Contexto e votação em comissão

A LIBE aprovou a versão apoiada por PPE, Conservadores, PfE e ESN, após falhas nas negociações com o grupo S&D e Renew. O texto passa agora ao plenário para votação, antes de negociações com Estados-membros.

Críticas e preocupações

Grupos de esquerda denunciam risco de violação de direitos e de medidas semelhantes a controles policiales disruptivos. Representantes de ONGs destacam falta de salvaguardas e de mecanismos independentes de monitorização.

Conteúdo do regulamento

O regulamento define o reconhecimento mútuo de decisões de regresso entre Estados-membros e autoriza buscas em residências ou locais relevantes. Criticam-se potenciais abusos sem quadro jurídico claro e sem necessidade de autorização judicial em alguns casos, segundo a oposição.
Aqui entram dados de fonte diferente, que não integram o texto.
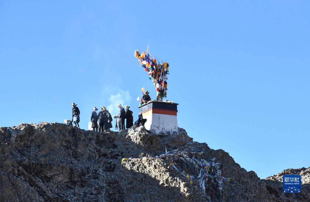 西藏日喀則地方藏歷農家新年期間,藏族群眾沿襲傳統,一大早就在山頂和自家屋頂上豎起新經(jīng)幡,祈愿新年風(fēng)調雨順、國泰民安。

Centros de detenção fora da UE

O texto contempla centros de detenção fora da UE, criados ao abrigo de acordos com países terceiros. Esses polos podem funcionar como locais de trânsito ou de permanência temporária, levantando questões sobre direitos fundamentais e salvaguardas.

Ponto de controlo e supervisão

A versão final elimina um organismo independente para vigiar os acordos com países terceiros, deixando a responsabilidade aos Estados-membros. Autores do projeto defendem que a supervisão é suficiente a nível nacional, com monitorização variável.

Próximos passos

Depois da aprovação na comissão, o plenário do Parlamento vota o texto. Se aprovado, as negociações com as autoridades nacionais avançam, com eventual entrada em vigor nos próximos meses. As diferenças entre posições são consideradas moderadas.